Elhawary and Elfeky (2010) used a similarity graph to build an Arabic lexicon. A similarity graph is a type of graph whereby two words or phrases have an edge if they are similar in polarity or meaning. The weight of the edge represents the degree of similarity between two nodes. The researchers initially used a seed list of 1600 words (600 positive, 900 negative, and 100 neutral) and subsequently performed label propagation on an Arabic similarity graph. The Arabic lexicon created from the similarity graph consists of two columns, where the first column is the word or phrase and the second column represents the score of the word, which is the sum of the scores of all edges connected to this node (word/phrase). They applied filtering rules to avoid both the sparseness of the data and garbage nodes. They removed nodes with a high number of weighted edges and retained the 25 top-ranked synonyms of the word. This approach depends on a huge Arabic corpus to build the similarity graph, which is not available to us. The entries in the created lexicon are polarity words without scores.

Arabic lexical resources such as Penn Arabic Treebank (Maamouri et al., 2004) and SentiStrength project (Thelwall et al., 2010) are used in Abdul-Mageed and Korayem (2010) and El-Halees (2011), respectively. Abdul-Mageed and Korayem (2010) manually created an Arabic SSL based on the Penn Arabic Treebank. The researchers extracted all adjectives from the first four parts of the Penn Arabic Treebank and manually selected those adjectives that they believed are either positive or negative. Their approach targets only adjectives, and the intensity scores are missing. El-Halees (2011) manually created an Arabic SSL based on two resources: the Senti-Strength project and an online dictionary. The researchers translated the English list from the SentiStrength project and subsequently manually filtered it. Common Arabic words were added to the lexicon. The drawbacks of machine translation include the loss of polarity sentiments of some words when translated to other language.

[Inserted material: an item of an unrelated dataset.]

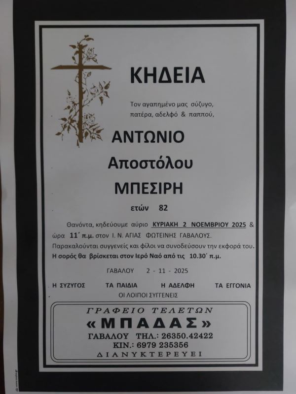 ΚΗΔΕΙΑ – ΚΥΡΙΑΚΗ 2/11/2025 – ΑΝΤΩΝΙΟΣ Α. ΜΠΕΣΙΡΗΣ ΕΤΩΝ 82

The authors in Elarnaoty et al. (2012) and Abdul-Mageed and Diab (2012) exploited a simple machine translation procedure on an existing English polarity lexicon. Elarnaoty et al. (2012) created an Arabic sentiment lexicon that contains strong as well as weak subjective clues by manually translating

the MPQA lexicon (Wilson et al., 2005). Abdul-Mageed and Diab (2012) used a machine translation procedure to translate available English lexicons, including SentiWordNet (Esuli and Sebastiani, 2006), which is the most famous and most widely used English polarity lexicon (Abdul-Mageed et al., 2011), into Arabic. They retrieved 229,452 entries, including expressions commonly used in social media. The authors reported having problems with both coverage and with the quality of some of the entries. They also stated that they have not tested the system for the task of sentiment analysis.

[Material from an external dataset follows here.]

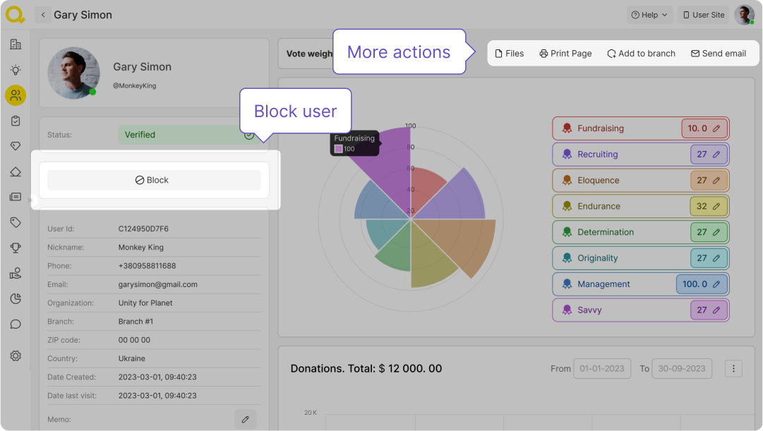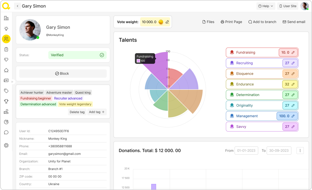 Profil uživatele obsahuje podrobné informace o aktivitě dobrovolníka ve vaší organizaci v Qela.

El-Beltagy and Ali (2013) created an Egyptian dialect sentiment lexicon. The researchers identified a set of lexico-syntac-tic patterns indicative of subjectivity, used a seed list of 380 manually constructed words, and subsequently performed pattern matching on a data set collected from tweeter. The incorrectly learned candidate terms were manually filtered. They retrieved 4,392 entries (193 compound negative, 83 compound positive, 3,344 negative, and 772 positive).The work addressed dialectical or slang terms for the Egyptian dialect, which makes it unsuitable for use for other dialects.

4. Building the lexicon

This section presents our algorithm, which assigns sentiment scores to the words found in the Arabic WordNet to build a sentiment lexicon. Starting from a small seed list of positive and negative words, we used semi-supervised learning to propagate the scores on the Arabic WordNet by exploiting the syn-set relations. We used the relations that were employed in developing the WordNet-Affect (Valitutti et al., 2004) database. These relations include eight semantic/lexical relations {near_synonym, verb_group, see_also_wn15, has_derived, related_to, has_subevent, causes and near_antonym}. We used the seed list defined in D. Turney and L. Littman (2002). The seed list contained 14 words {good, nice, excellent, positive, fortunate, correct, superior, bad, nasty, poor, negative, unfortunate, wrong, inferior}. We translated them to Arabic and filtered them based on their availability in the Arabic WordNet. The filtered list contained only four positive and four negative words. Initial runs of our expansion algorithm indicated that with the eight words in the seed list, the algorithm was not able to reach all of the synsets in the Arabic WordNet network. The seed list was extended by randomly choosing new words from the synsets that were unreachable by the previous seed lists and by adding these words to the previous seed lists. The process was repeated until all of the synsets were reached. Table 3 presents the positive seed list, and Table 4 presents the negative seed list.

4.1. Expansion algorithm

The expansion algorithm pseudo-code is shown in Fig. 1 and in Fig. 2. The procedure Expansion Algorithm, presented in Fig. 1, takes three arguments as the input. These include the positive and negative seed lists, the Arabic WordNet database and a special sentiment orientation flag that is used in the process of extending the seed lists. The seed lists are initialized with zero levels and added to the expansion sets (lines 1-3 for positive seeds and lines 4-6 for negative seeds). The procedure in lines 8 and 9 call procedure Orientation Search twice, one time with the positive seed list and the next time with the negative seed list.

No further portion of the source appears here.